Stablecoins. Tether, the largest stablecoin globally, and its parent company, Bitfinex, were fined $42.5 million this month for lack of transparency regarding the composition of its reserves. Rather than being fully backed by US dollars, Tether is partially backed by assets like debt securities and bonds. As a centralized company, Bitfinex can be opaque about its books. DeFi platforms, by contrast, can create a more transparent stablecoin with reserves that can be checked by anyone on a blockchain. Dai is a decentralized stablecoin—anyone can create new Dai tokens if they offer enough other cryptos as collateral.
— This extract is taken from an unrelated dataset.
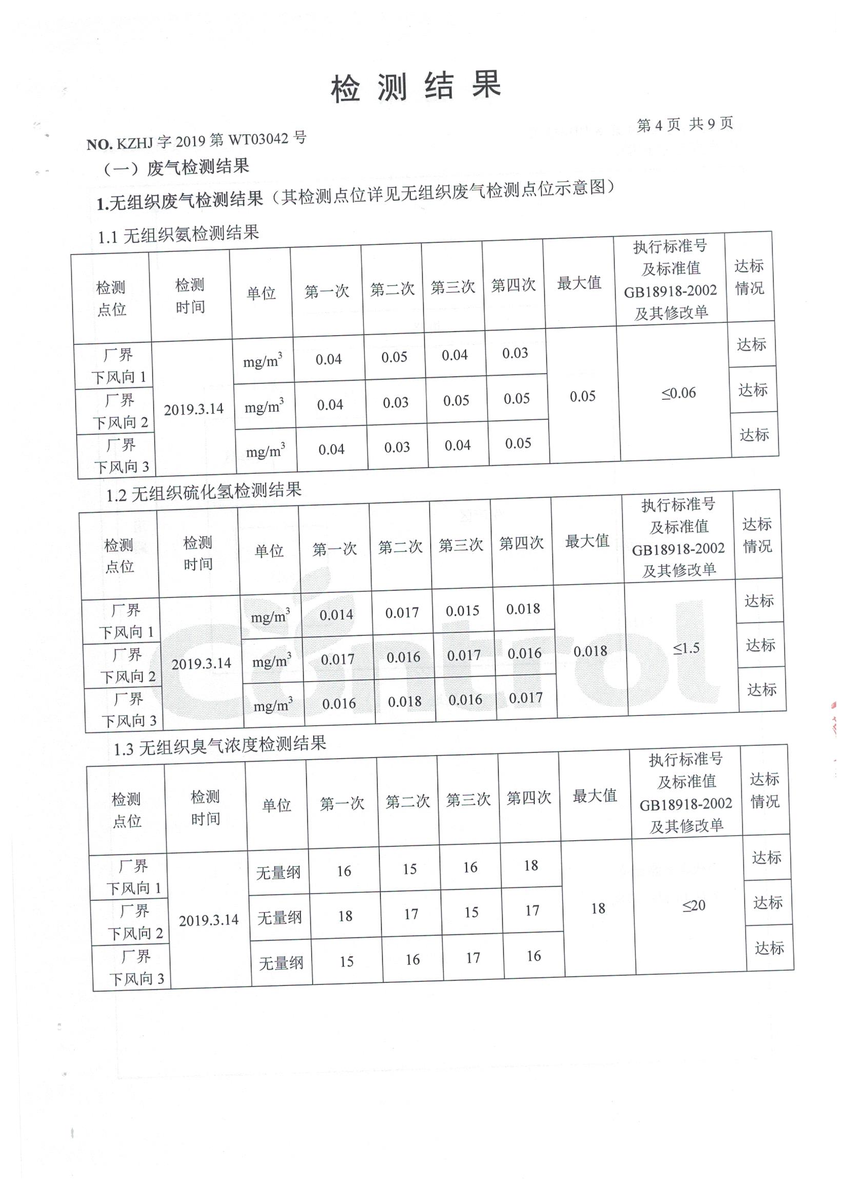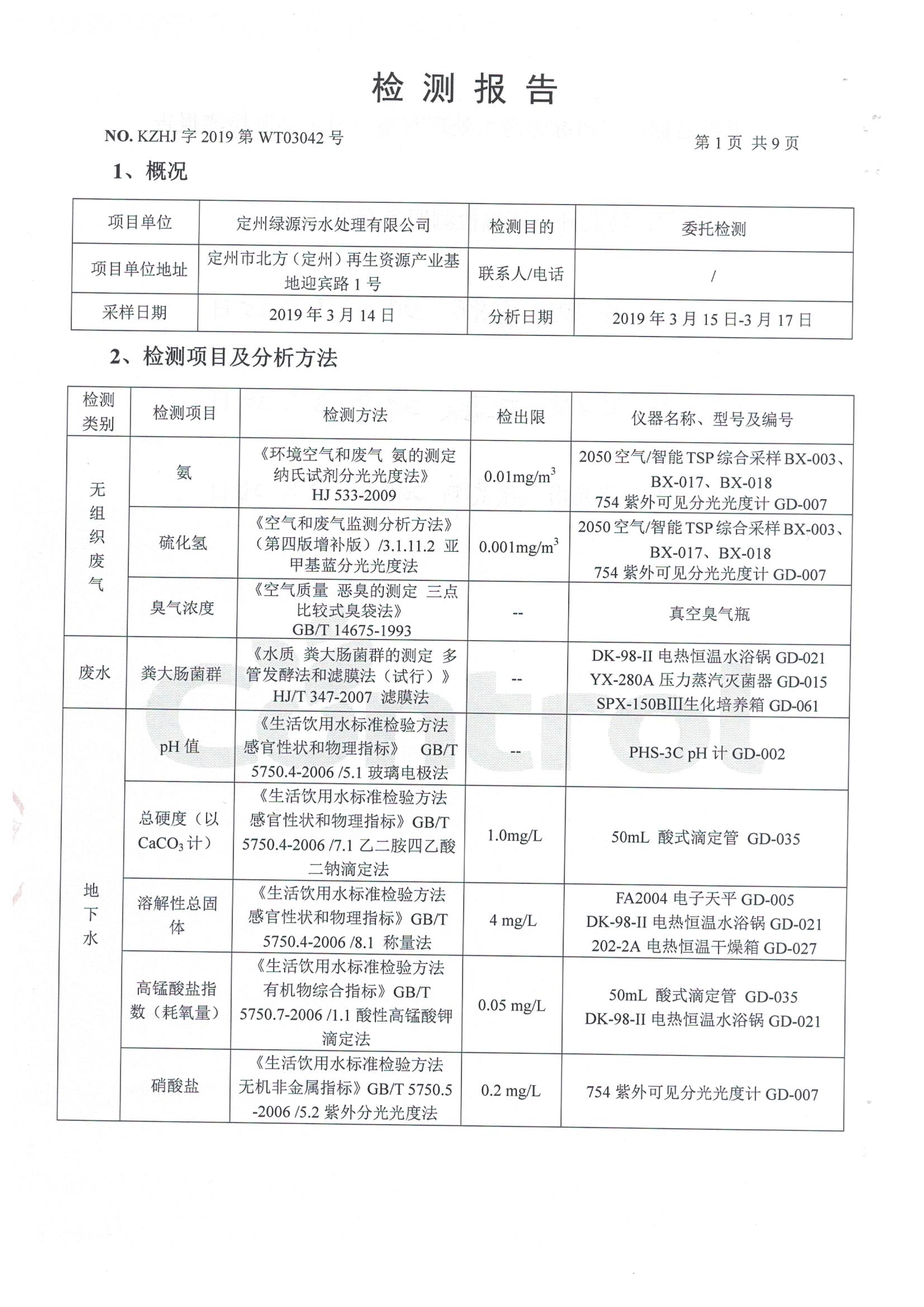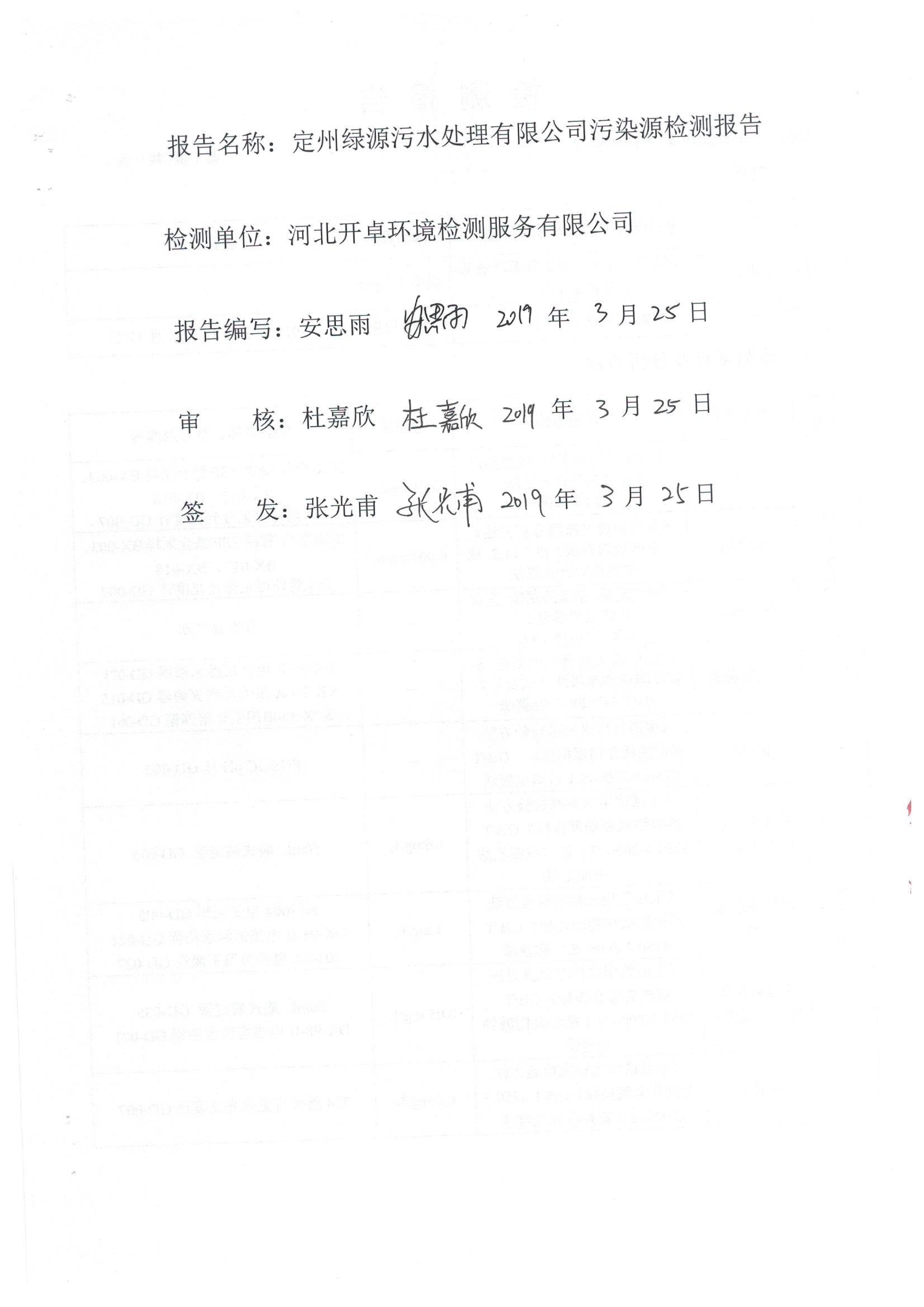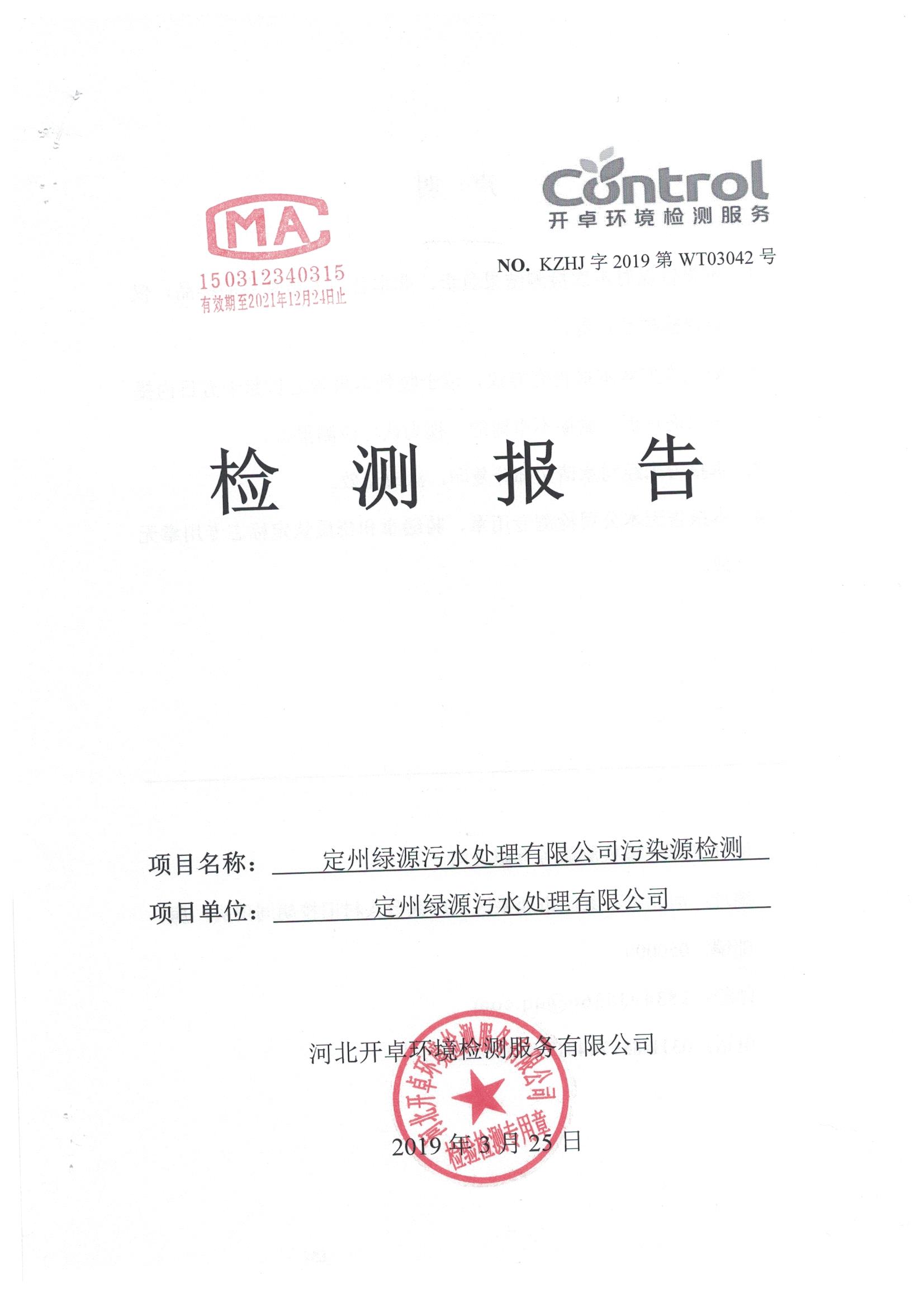 定州綠源污水處理有限公司委托有資質(zhì)的檢驗監(jiān)測機構(gòu)監(jiān)測并出具監(jiān)測報告,每季度監(jiān)測一次,一年監(jiān)測4次。

Lending protocols. Some DeFi protocols let users earn interest on crypto deposits or borrow more cryptos without having to go through a financial intermediary or pass long credit checks. The Compound protocol has processed more than $12 billion in loans as of October.
The challenges ahead:
High barrier to entry for everyday users. By now, you may have noticed it can be hard to wrap one's head around the DeFi sector. It's easy for users to make mistakes and suffer financial losses. That can put off further adoption: Mainstream users are often reluctant to trust a technology they don't understand with their money.
Lack of regulatory protection. Financial firms that act as intermediaries in the legacy financial system are heavily regulated, and consumers can rely on bodies like the SEC to police the sector and remedy any faults. But there are no legally recognized, centralized entities that can be held responsible for smart contract problems like a mistake in the code.
Prone to crime. DeFi losses from fraud and theft reached $10.5 billion this year, up from $1.5 billion in 2020. The confusion around how to use DeFi services and the lack of regulatory protection, combined with the significant money moving through these protocols, make it a fertile ground for illicit activity.
Crypto adoption. 2021 was the year of crypto adoption, with the global market hitting the $3 trillion mark for the first time earlier this month. And now that everyday people are accustomed to trading cryptos on the likes of Coinbase and Robinhood, many will be open to experimenting with more complex use cases. And consumer-facing fintechs like eToro are also adding DeFi services and removing the barriers to entry.
Significant capital pouring in. Global blockchain funding reached $8.7 billion in H1 2021, up from $4.3 billion for all of 2020, and 12 new crypto unicorns were born in Q3. Venture firm Paradigm's recently closed $2.5 billion crypto fund underscores that investments will keep flowing into blockchain startups with the potential to innovate financial services, like DeFi firms.
Promise of the metaverse. Recent moves by crypto firms show that they expect DeFi services will play a key role in facilitating transactions within the metaverse. Consensys just raised $200 million thanks to its crypto wallet, MetaMask, which now has more than 21 million monthly active users—a 38-fold increase from 2020—to access such services. And crypto exchanges Coinbase and Gemini are planning to expand their crypto wallets' compatibility with the DeFi sector in a nod to the metaverse.